• _MATERIAL FOR THIS EXERCISE_
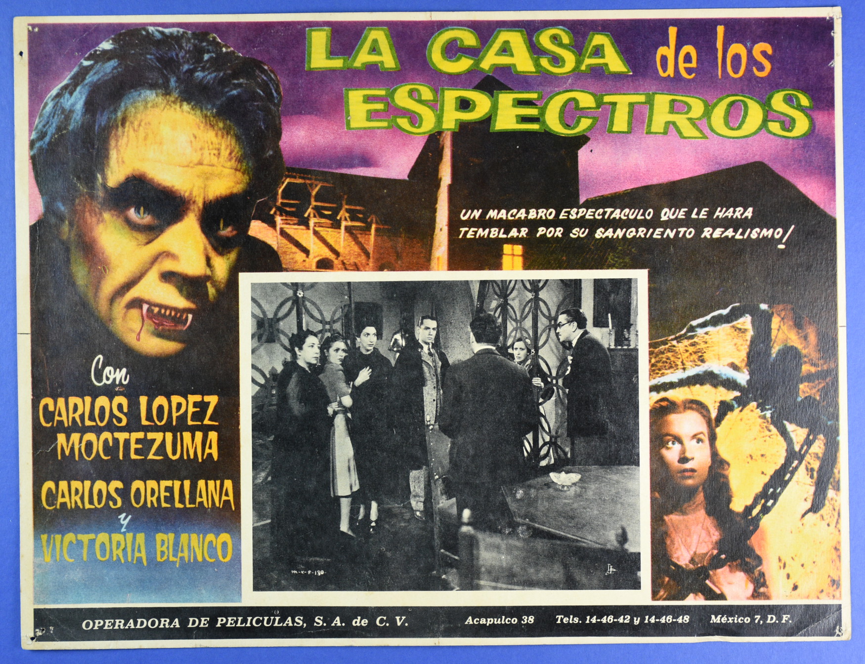 La Casa De Los Espectros Mexican Lobby Card Leave a Comment / Azteca/Mexican Lobby Cards / By JM Cozzoli Nicely spooky Mexican lobby card for La Casa De Los Espectros, even if the inset scene cuts into the background illustration unevenly.Like this:Like Loading... Share this post Facebook Twitter Pinterest Linkedin
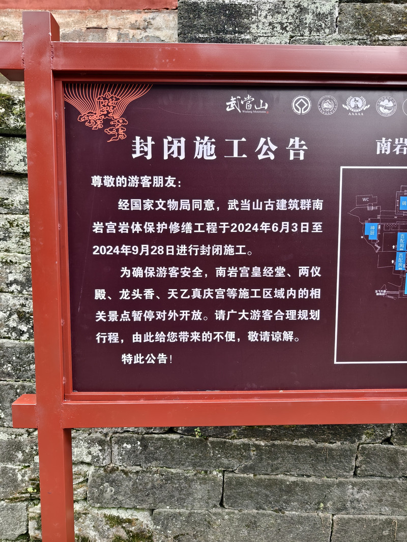 走到南岩宫龙虎殿前,看到封闭施工公告,包括龙头香在内的相关景点关闭,只能走到玄帝殿。最想看到的龙头香看不到了。
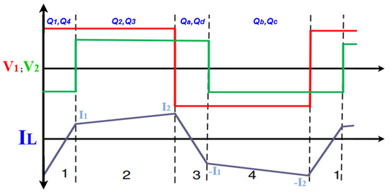 Switching diagram of DAB converter with waveforms generated by the bridges [4].
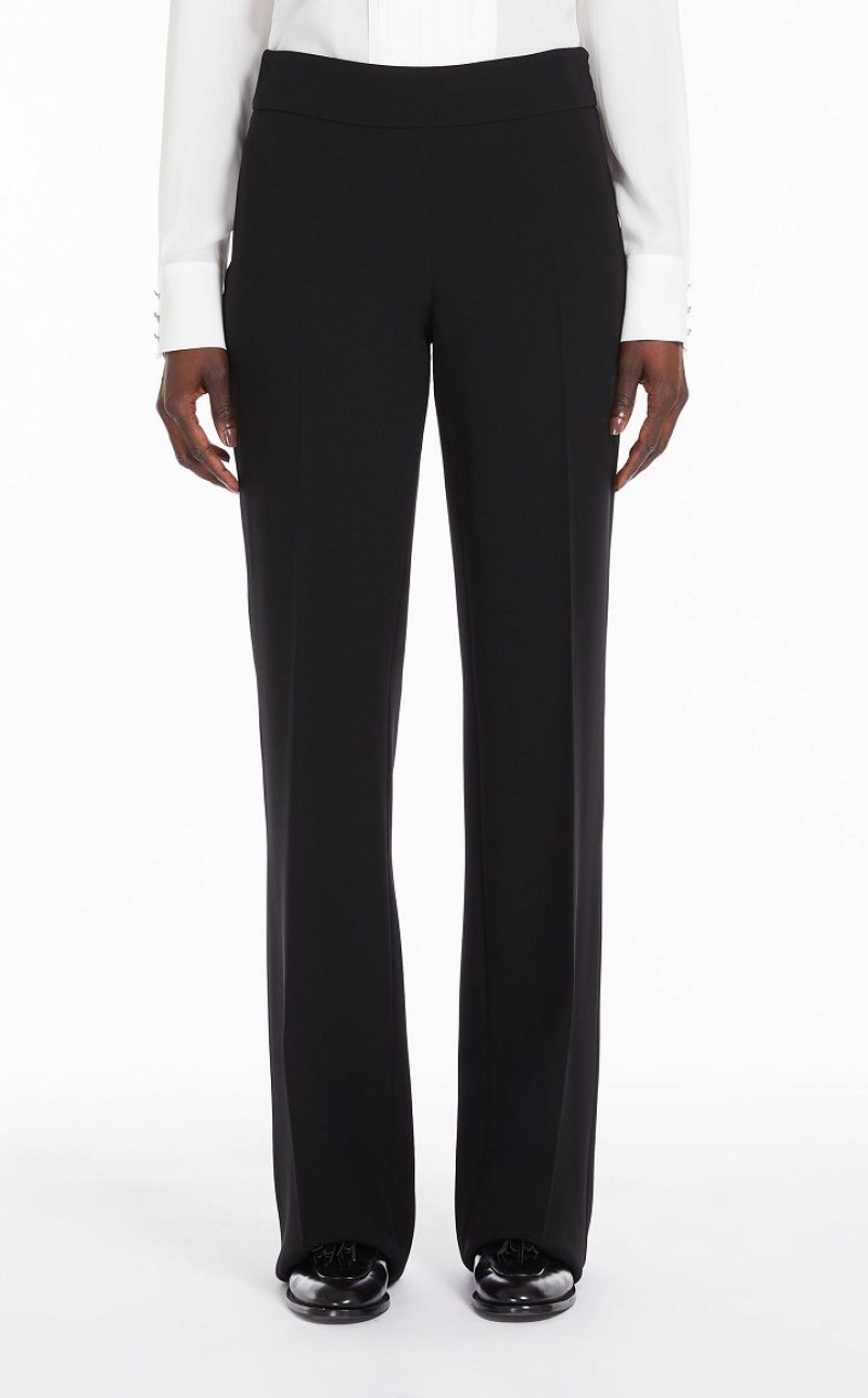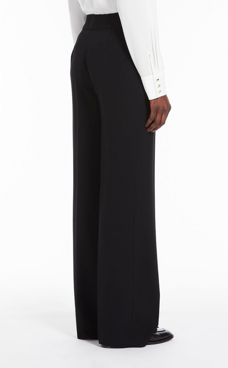 Fluid-fit wide-leg trousers in technical cady fabric. Concealed zip fastening at the side.
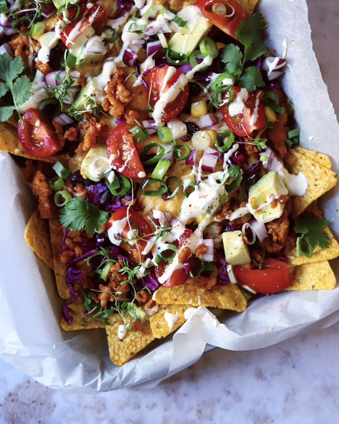 If you’re having a fiesta or just want a quick and tasty meal, then these nachos will not disappoint! The chicken mince is seasoned with a delicious and fragrant Thai red curry paste and cooked until crispy. Then we heat up the nachos and load it with the mandatory Mexican ingredients such as, corn, black beans, queso fresco (white cheese), tomato, avocado and sour cream. For color I add some red cabbage and sprouts, but this is optional. I was really happy with these flavors and hope you too.

• _WHAT THE TASK REQUIRES_
Skip all pictures. Write out only the lines from the one containing "Fluid-fit wide-leg trousers" to the end of the listing above, inclusive, exactly as given.

• _PROBLEM SOLUTION_
 Fluid-fit wide-leg trousers in technical cady fabric. Concealed zip fastening at the side.
 If you’re having a fiesta or just want a quick and tasty meal, then these nachos will not disappoint! The chicken mince is seasoned with a delicious and fragrant Thai red curry paste and cooked until crispy. Then we heat up the nachos and load it with the mandatory Mexican ingredients such as, corn, black beans, queso fresco (white cheese), tomato, avocado and sour cream. For color I add some red cabbage and sprouts, but this is optional. I was really happy with these flavors and hope you too.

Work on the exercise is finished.